We have received multiple requests to hold the Symposium virtually and have managed to organise a hybrid event.

The Symposium’s first day will be devoted to the newest prospects for diagnosing important Genetic Syndromes. A new screening approach became a reality in the last few years; there has been high-speed and fundamental development of clinical genetics and advanced ultrasound technology. This progress has challenged all previously used pathways of screening and diagnosis of chromosomal and genetic conditions because it will allow us to make diagnosis better, earlier, and faster. We can start to diagnose severe fetal conditions already from 10 weeks. Everyone needs to be updated on those imminent developments.

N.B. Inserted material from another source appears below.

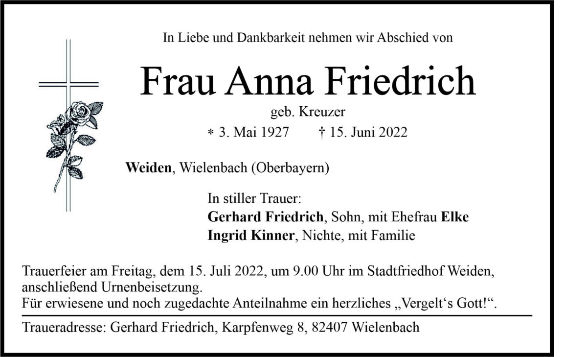 Traueranzeige Anna Friedrich Weiden 11. Juli 2022, 06:00 Uhr Von: redaktion Traueranzeige Anna Friedrich Weiden Stadtgebiete Weiden Weiden Stadt

We will extensively review how clinical genetics can be merged with fetal medicine and perform deep immersion in the future combination of NIPT for single gene disorders and expert ultrasound. We will demonstrate how advanced imaging can be helpful in the establishment of proper genetic diagnosis, with particular attention to Noonan syndrome and other critical genetic diseases.

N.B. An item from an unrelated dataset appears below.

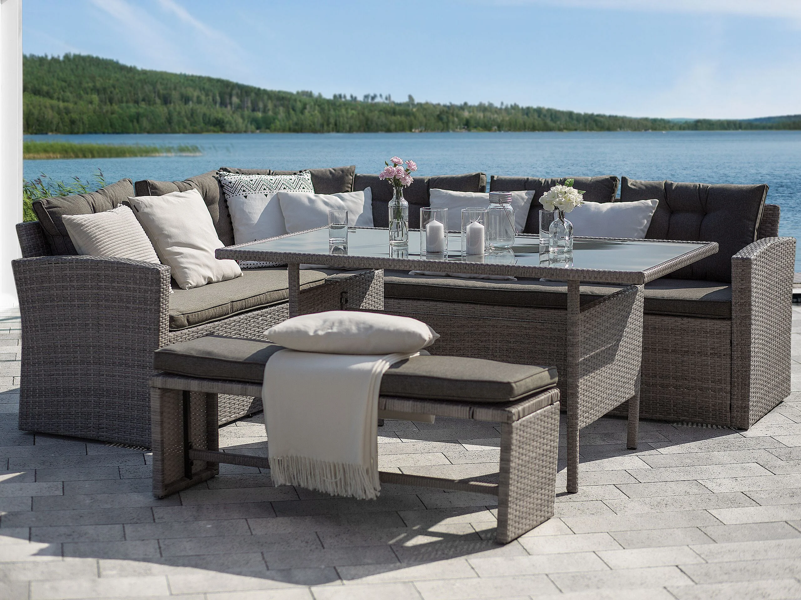 Ensemble de salon de jardin avec table 8 places VITERBO avec coussins Polyrotin Gris

Advanced Fetal Echocardiography is the topic of the second day. This unique event is designed for fetal medicine and ultrasound professionals dealing with high-risk pregnancies and fetuses with anomalies and syndromes. It will include essential updates on the scanning technique, including the correct use of the newest colour Doppler technologies and crucial tips and ticks, which can improve diagnostic effectiveness. We will have comprehensive discussions on genetic conditions strongly associated with CHD, especially 22q deletion and an exclusive presentation on scanning the hearts for fetuses with severe extracardiac anomalies.

The Symposium will include lectures, high-quality video presentations and discussions of unusual and complicated cases.

The Symposium will be live- streamed from our venue in the City of London and also recorded with recording access for delegates for 30 days.